Пахомыч фальшиво нахмурился:
— Узко мыслите девчонки. Не по-государственному.
— Кто сейчас, Пахомыч, мыслит по-государственному? — Марина метнула в банку окурок и полезла в косметичку за помадой. — По-государственному тебе, к примеру, заведующим отделом быть пора. Хоть бы диссертацию написал, что ли. Вокруг такие дубы защищаются, ты же со своей светлой головой на них вкалываешь за гроши. Смотреть больно!
Пахомыч кисло улыбнулся и махнул рукой:
— Поздно мне. Дети, дача, шабашка. После десяти уже в сон клонит. Когда писать-то? Связей нужных опять же нет.
Разговор оборвался. Фонтанчики дыма в тишине взмывали вверх, голубя высокий потолок.

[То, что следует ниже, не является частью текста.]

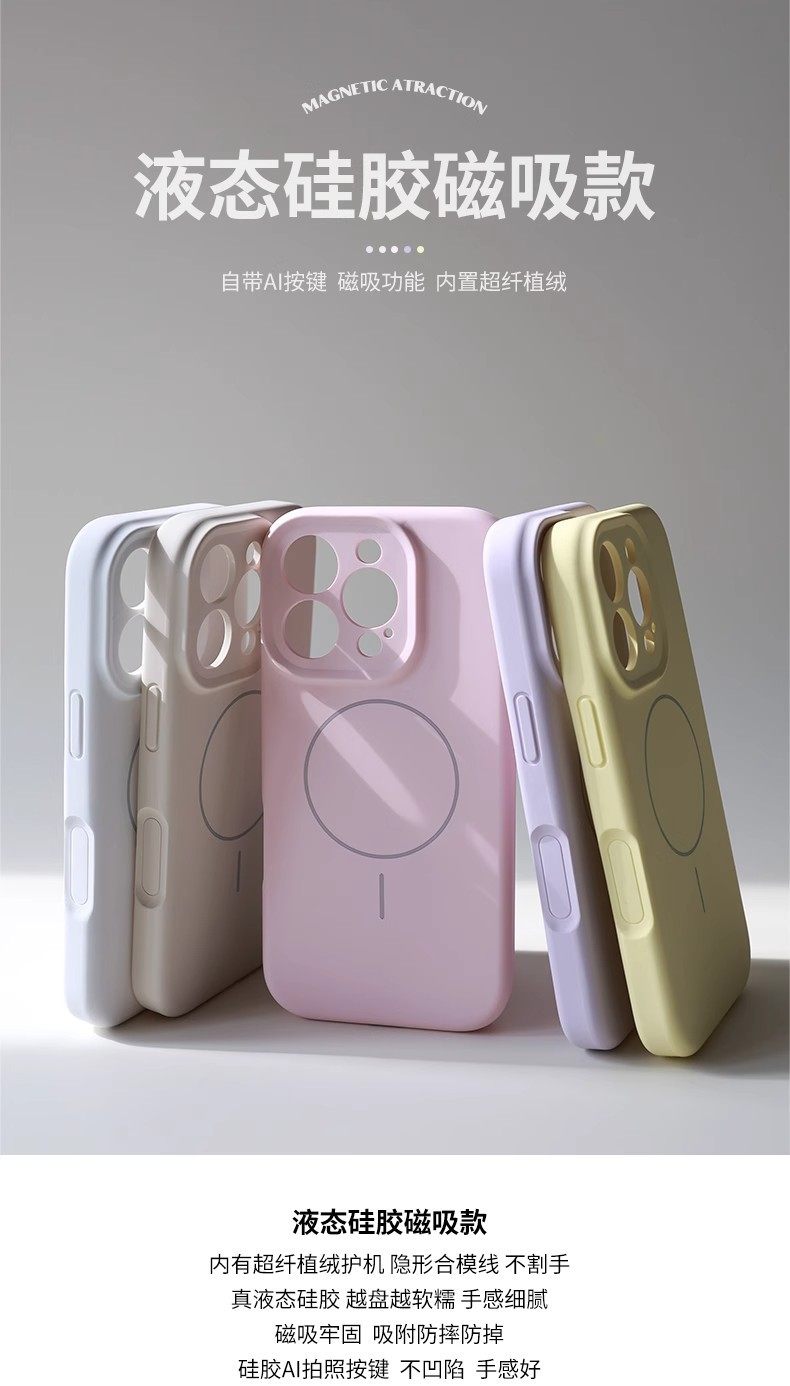 Magnetic Liquid Silicone Case Suitable for Iphone17Promax Mobile Phone Case Camera Button Integrated Apple 16 All-Inclusive

Вернувшись в лабораторию, Марина застала там лишь Славика. Он с такой тщательностью затачивал кончик карандаша, как будто собирался идти с ним на медведя. На его кульмане белел распятый кнопками лист ватмана с контурами будущей детали.
— Слушай, двигатель прогресса, давай сорвемся на обед пораньше, Белоконя все равно нет, — предложила Марина. — У Лорки окно на улицу выходит. Рванем через него.
У Славика моментально пропал интерес к карандашу.
— Давй! — активно поддержал он прекрасную идею, бросая карандаш и полную стружек точилку на свой рабочий стол. — Но не через архив. У меня свои пути имеются.
Поставив в известнось пришедшего из курилки следом за Мариной Пахомыча, что отлучаются по комсомольским делам, молодые люди исчезли за дверью. Через черный ход, минуя проходную, бдительно охраняемую Цербером, они пробрались в дальний конец институтского двора. Там вплотную к кирпичному забору лежала куча щебня. Славик поднял с земли широкую гниловатую доску. Брошеная на склон кучи, она своим противоположным концом достала до самой вершины.
— Прошу, — Славик протянул спутнице руку, приглашая к подъему.
— Доску сам заранее сюда притащил? — спросила Марина стаскивая с ног модельные босоножки на высоком каблуке.
— Еще весной,
Двигаясь гуськом, они добрались до верхнего конца доски.
Славик прыгнул первым. Приземлившись на травяной газон по ту сторону забора, крикнул Марине, вытянув обе руки ей навстречу:
— Прыгай, я подстрахую.
Сбросив вниз босоножки и дамскую сумочку, Марина приготовилась к прыжку. Ветер неожиданно приподнял край ее платья, и взгляд Славика скользнул выше колен. Она заметила это, пристыдила:
— Бессовестный, куда смотришь?
— Подумаешь, — проворчал уличенный отец двух детей. — Что я женских ног не видал?
— Видал, да не такие, — не без кокетства уточнила Марина и прыгнула.
Славик подхватил ее на лету и не отпускал дольше, чем того требовалось. Марине пришлось легонько толкнуть его ладонями в грудь, чтобы освододиться.
— Куда пойдем? — спросил Славик, нехотя выпустив из рук ее талию.
— В «Юпитер».
— Там же цены космические.
— Зато хорошо кормят — это главное. Желудок надо беречь, не так ли? — Вытерев ступни, Марина надела босоножки и перекинула ремешок сумочки через плечо. — Сомнения в сторону, коллега, сегодня я тебя угощаю,..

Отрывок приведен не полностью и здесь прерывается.